◆ **Available data**
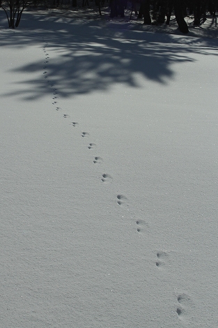 201412/19 三瓶山北の原は雪原に 観察スポット 0 12月19日(金)嵐が去って、今日は久々のお日様を拝みますた。 昼飯たばこに、ちょっこ北の原雪原を散歩。レンゲツツジの冬芽がこんにちは。この足跡の主は?
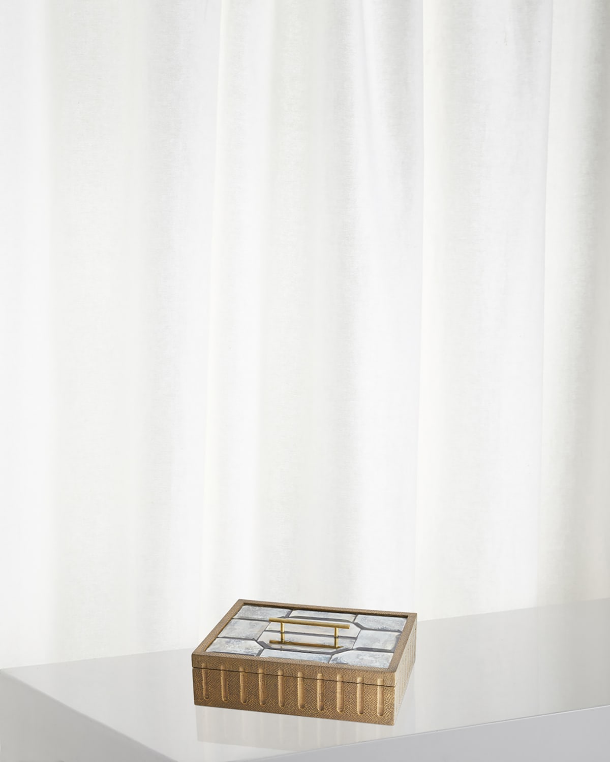 The Luxor Collection is an exquisite fusion of elegance and artistry. The Luxor Box is crafted with mitered corners and handapplied, delicately embossed brass cladding, resulting in a seamless and luxurious finish. Handembossed finishing nails add a touch of refinement, while the handcut antiqued mirrored glass panels generate captivating light play. Inside, the boxes are painted black for a striking contrast and a touch of drama. Whether used to store treasured keepsakes or as a decorative accent, these boxes are sure to make a statement in any space. Handcrafted of MDF, mirror, and brass Approx. 14.25"L x 11.3"W x 5.5"T Item weight, 9.5 lbs Wipe clean Imported Boxed weight, approximately 11.5 lbs
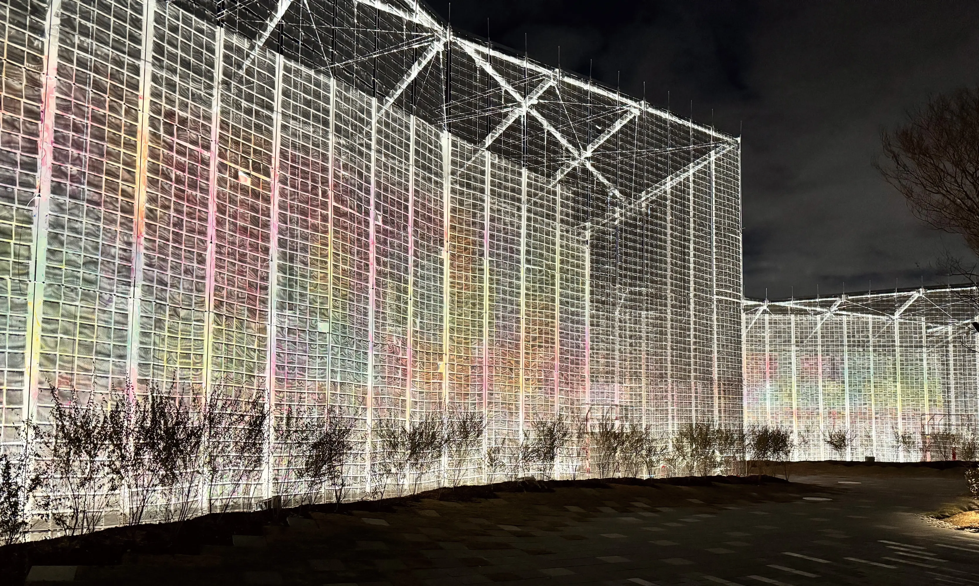 The NTT Pavilion expresses beauty through the fusion of digital and real. Its tent-like wire structure achieves low carbon and creates a soft, calm exterior. The wires form ruled lines draped with bit-patterned fabric outside and multicoloured, nature-inspired cloth inside, conveying emotion. Touching the wires produces string-like sounds, while subtle movements make the fabrics flutter and emit sound. Inside, visitors’ emotions are digitally analyzed and expressed as vibrations and sounds on the outer cloth. The pavilion moves like a living organism, blending people, nature, architecture, and digital—Architecture Draped in Emotion.
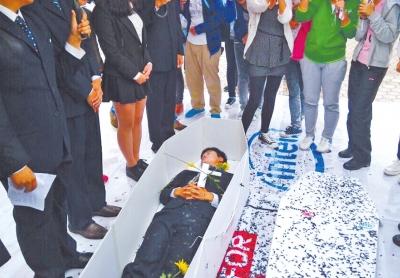 10月20日中午,伴随着东极岛之歌,该社团十几名身着黑衣、手举黑伞的学生冒雨在钟楼广场上,围着因24小时不间断玩游戏而猝死在电脑前的同学“李二蛋”进行哀悼。

◆ **What you need to do**
In the listing above, find the line with "The Luxor Collection" and the line with "The NTT Pavilion". Transcribe those two and everything between, exactly, leaving out pictures.

◆ **Exercise result**
 The Luxor Collection is an exquisite fusion of elegance and artistry. The Luxor Box is crafted with mitered corners and handapplied, delicately embossed brass cladding, resulting in a seamless and luxurious finish. Handembossed finishing nails add a touch of refinement, while the handcut antiqued mirrored glass panels generate captivating light play. Inside, the boxes are painted black for a striking contrast and a touch of drama. Whether used to store treasured keepsakes or as a decorative accent, these boxes are sure to make a statement in any space. Handcrafted of MDF, mirror, and brass Approx. 14.25"L x 11.3"W x 5.5"T Item weight, 9.5 lbs Wipe clean Imported Boxed weight, approximately 11.5 lbs
 The NTT Pavilion expresses beauty through the fusion of digital and real. Its tent-like wire structure achieves low carbon and creates a soft, calm exterior. The wires form ruled lines draped with bit-patterned fabric outside and multicoloured, nature-inspired cloth inside, conveying emotion. Touching the wires produces string-like sounds, while subtle movements make the fabrics flutter and emit sound. Inside, visitors’ emotions are digitally analyzed and expressed as vibrations and sounds on the outer cloth. The pavilion moves like a living organism, blending people, nature, architecture, and digital—Architecture Draped in Emotion.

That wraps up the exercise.